Provided data:
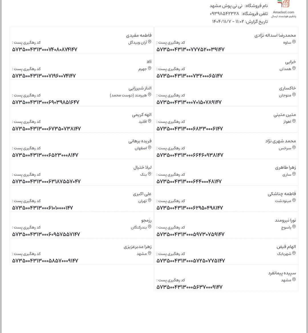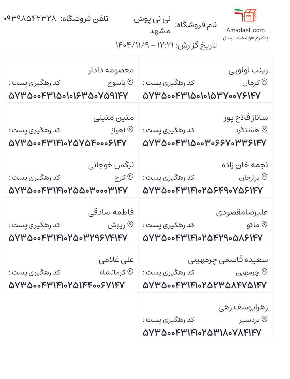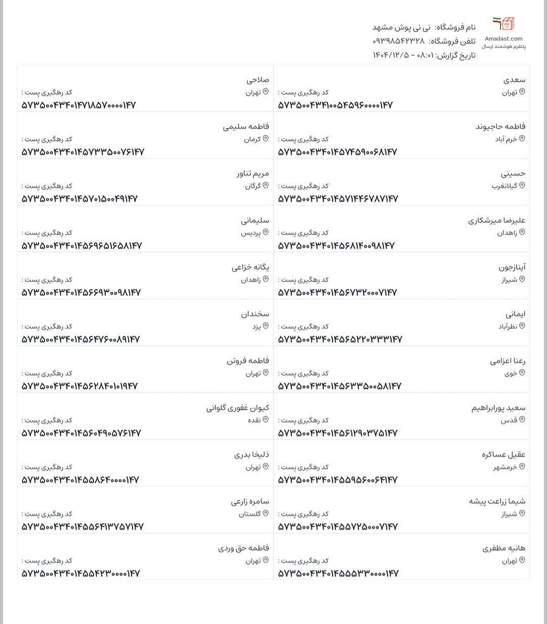 جهت مشاهده کد رهگیری های 16 بهمن ماه 1404 کلیک نمایید
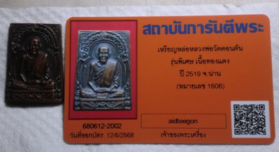 เหรียญหลวงพ่อวัดดอนตัน ปี 2519 พิมพ์ซุ้มตื้น หมายเลข 1606 จ.น่าน พร้อมบัตร ครับ
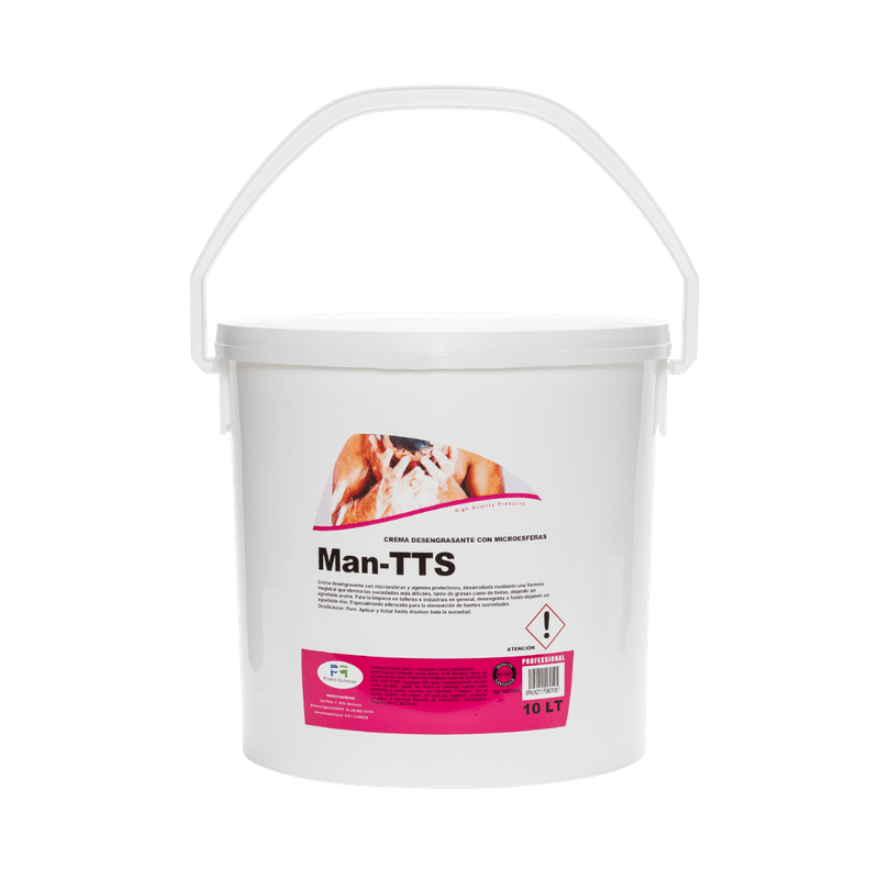 O produto Man-TTS é uma pasta com microesferas desengordurante, que foi desenvolvido mediante uma fórmula magistral, para eliminar as sujidades mais difíceis, que outros produtos convencionais não conseguem eliminar. As microesferas penetram nas fissuras da pele, eliminado qualquer tipo de sujidade, por mais persistente que seja.

Directions: Copy everything in the listing above exactly except the pictures.

Result for this task:
 جهت مشاهده کد رهگیری های 16 بهمن ماه 1404 کلیک نمایید
 เหรียญหลวงพ่อวัดดอนตัน ปี 2519 พิมพ์ซุ้มตื้น หมายเลข 1606 จ.น่าน พร้อมบัตร ครับ
 O produto Man-TTS é uma pasta com microesferas desengordurante, que foi desenvolvido mediante uma fórmula magistral, para eliminar as sujidades mais difíceis, que outros produtos convencionais não conseguem eliminar. As microesferas penetram nas fissuras da pele, eliminado qualquer tipo de sujidade, por mais persistente que seja.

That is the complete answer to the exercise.